Habían pasado varios meses desde que Francisca le confesara sus verdaderos sentimientos hacia él. No había vuelto a hablar con ella, tan solo se habían visto de pasada por el pueblo o en algún evento importante de la comarca.

Ahora ni siquiera se encargaba él de controlar su embarazo, habían delegado esa función a Pablo y, gracias a él, Raimundo podía saber que todo iba sin contratiempos. A pesar de todo lo sucedido, a pesar de él mismo, seguía preocupándole su salud.

Su padre, Don Ramón, evidéntemente se enteró de todo lo acontecido. Durante varias semanas la relación entre ambos fue de lo más tensa. Pasaron dias, tras la disputa inicial, en los que ni siquiera se hablaban. Ahora los ánimos estaban más calmados, por supuesto seguían sin matener una relación paternofilial, pero al menos atendían juntos los problemas de la finca.
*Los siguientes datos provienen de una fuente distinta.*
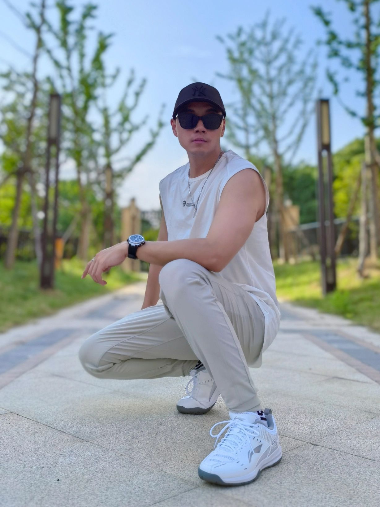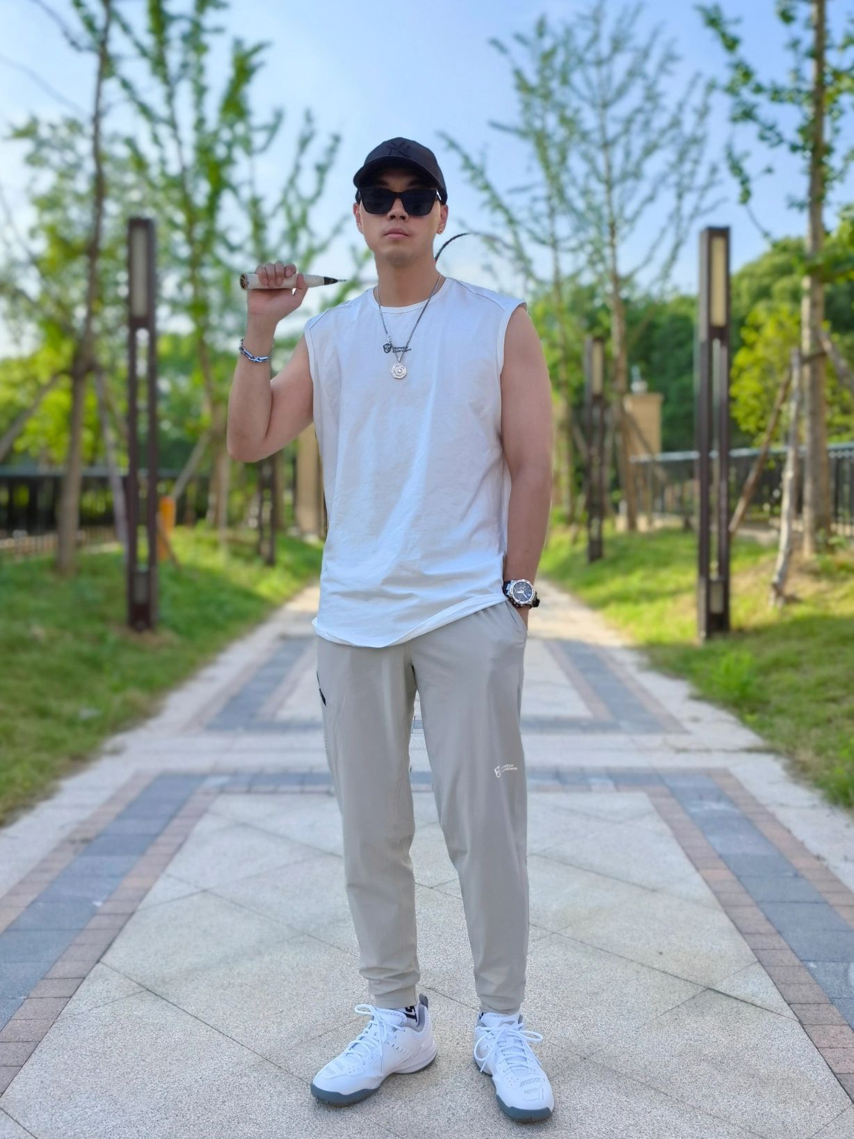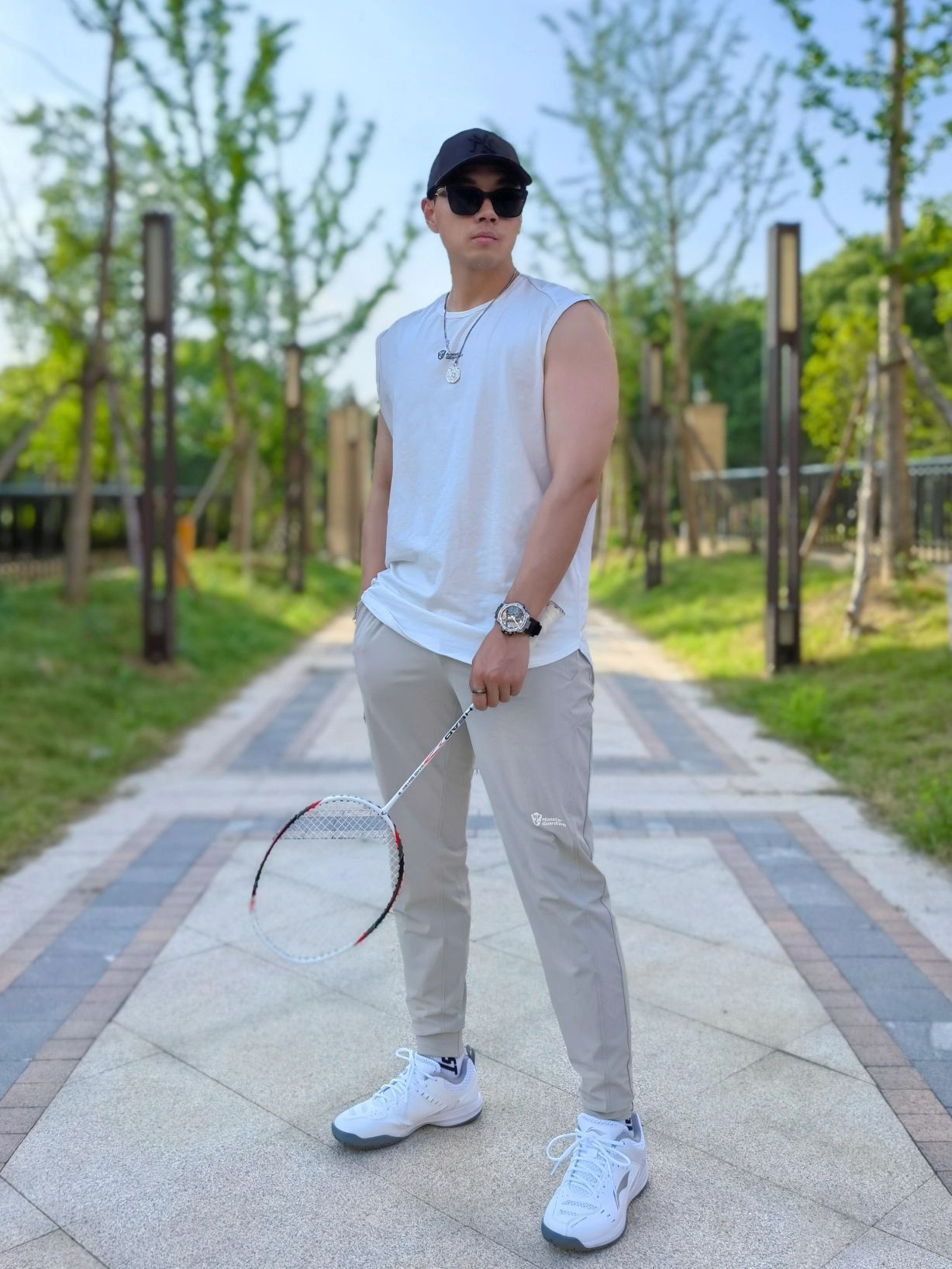 hello 大家好,这里是撒旦锅锅 💗179cm/80kg 🌞今日穿搭为运动潮酷风格 搭配类型:背心+运动裤+羽毛球鞋 今天穿的运动健身背心和运动裤,上身很舒服,搭配羽毛球鞋,运动风十足,拿着我的羽毛球拍去打球啦~

Tuvo que vender la casa de Oviedo, así como romper la relación con Ángeles. Por fortuna pudo mantener el secreto de Natalia y Zacarías, a los que seguía ayudando económicamente desde la distancia.

Con la llegada del verano los enfermos disminuían considerablemente, así que aprovechó para ir a la taberna de la plaza a tomar un buen vaso de vino. Allí sentado conversaba con sus paisanos, sobretodo de temas relacionados con la fundación qué, durante estos meses, para evadirse de sus problemas personales, se había volcado en ella y por fín había dejado de ser un proyecto para convertirse en una realidad.

Mientras se hallaba hablando con Don Pedro sobre temas legales, vió por la plaza a Don Enrique y Leonor. Ambos, tras cruzar la mirada con él, siguieron su camino y se adentraron en el colmado. Don Pedro dejó a Raimundo solo en la plaza para atender a tan ilustre clientela.

Al cabo de pocos minutos, Raimundo acababa de pedirse su quinto vaso de vino de la mañana, cuando iba a darle un sorbo escuchó una voz llamarle.

- ¡Doctor! ¡Don Raimundo! ¡Venga hacia aquí rápido! - Gritó Dolores, la esposa de Pedro desde la puerta del colmado.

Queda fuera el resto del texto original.